Держа в руках старое ружье, Танке целился в свечу. «Не попадешь», — сказал Сапо. Танке выстрелил и погасил свечу. Все стали его поздравлять: Качарро, Джонни, Субиарре вопили что было мочи. Не выпуская из рук ржавого ружья, Танке повернулся лицом к улице. Хозяин тира тряхнул его за плечо: «Послушай, сюда надо, сюда». Ища движущуюся мишень, Танке описывал дулом круги.
Приближался автобус. Танке оглядел дрожащую глыбу жести, которая скрежетала и разваливалась на ходу, и прицелился в колесо. Колесо крутилось, и ружье тоже, вслед за мишенью, вдруг Танке спустил курок. Звук выстрела потонул в треске других выстрелов в тире, ритме мамбо, в смехе веселых мулаток; но было слышно, как воздух с шумом вырывался из шины. Пассажиры начали выходить из автобуса, а шофер разглядывал колесо. Компания выжидающе молчала, наблюдая за новым маленьким подвигом Танке. Однако Танке решил во что бы то ни стало добиться от них похвалы. Он еще раз нажал курок. Пуля вошла в закопченный оранжевый кузов, словно нож в масло. «Черт подери, да ведь стреляют!» — крикнул шофер. Какой-то негр, в белом, спеша скорее выйти из автобуса, потерял равновесие и свалился в яму, полную жидкой грязи, да так и остался в этой зловонной канаве в полной растерянности, как человек, который понес тяжкую утрату и не знает, звонить ли ему в похоронное бюро или просто заплакать.
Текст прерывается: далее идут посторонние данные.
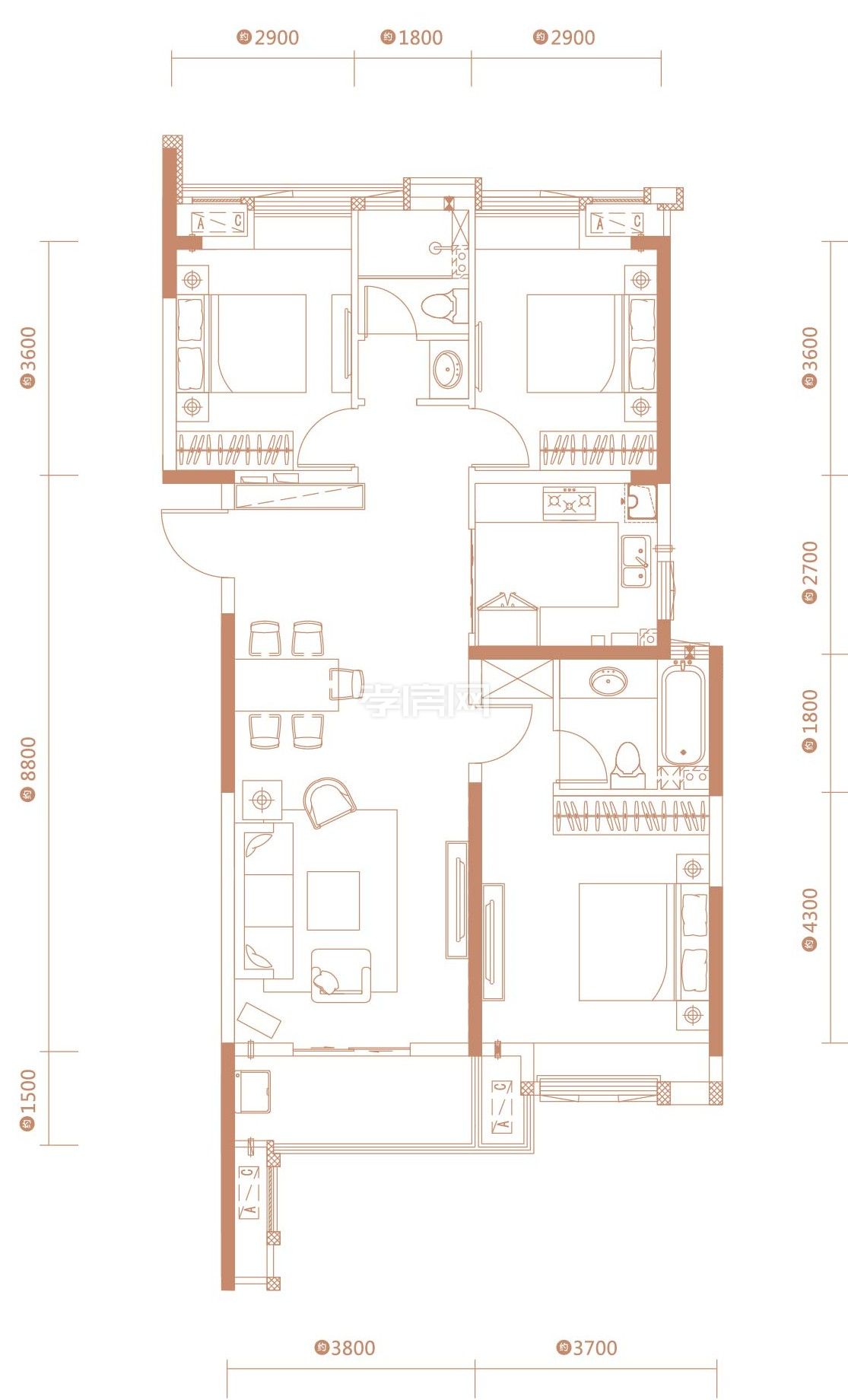 經(jīng)典三房布局,全明通透,空間布置恰到好處

— Пошли отсюда скорее! — сказал Сапо.
Петляя, они побежали мимо кафе, сквозь водоворот толпы. Трижды сворачивали за угол и наконец остановились около «Пенсильвании». Даскаль чувствовал, как колотится у него сердце, и подумал, в каком смешном положении они оказались: убегают от полиции потому, что один из них, великовозрастный ребенок, зло напроказничал. Животная радость остальных заразила и его. Швейцар приглашал войти: подмигивая, он описал в воздухе изгиб пышной женской фигуры, потом, сложив пальцы, поднес их к губам и сладко чмокнул.
Они вошли. Внутри было совсем темно. Они подошли к стойке и заказали виски с водой. Удар в тарелки и вслед за ним барабанная дробь возвестили, что представление начинается. «Добрый вечер, дамы и господа! Дирекция кабаре «Пенсильвания» рада показать вам сегодня первое вечернее шоу…» У конферансье были густые черные усы и жирный подбородок. Он повторил по-английски: «Good evening, ladies and gentlemen! Pennsylwania’s night-club managment proudly presents the first eveningshow…»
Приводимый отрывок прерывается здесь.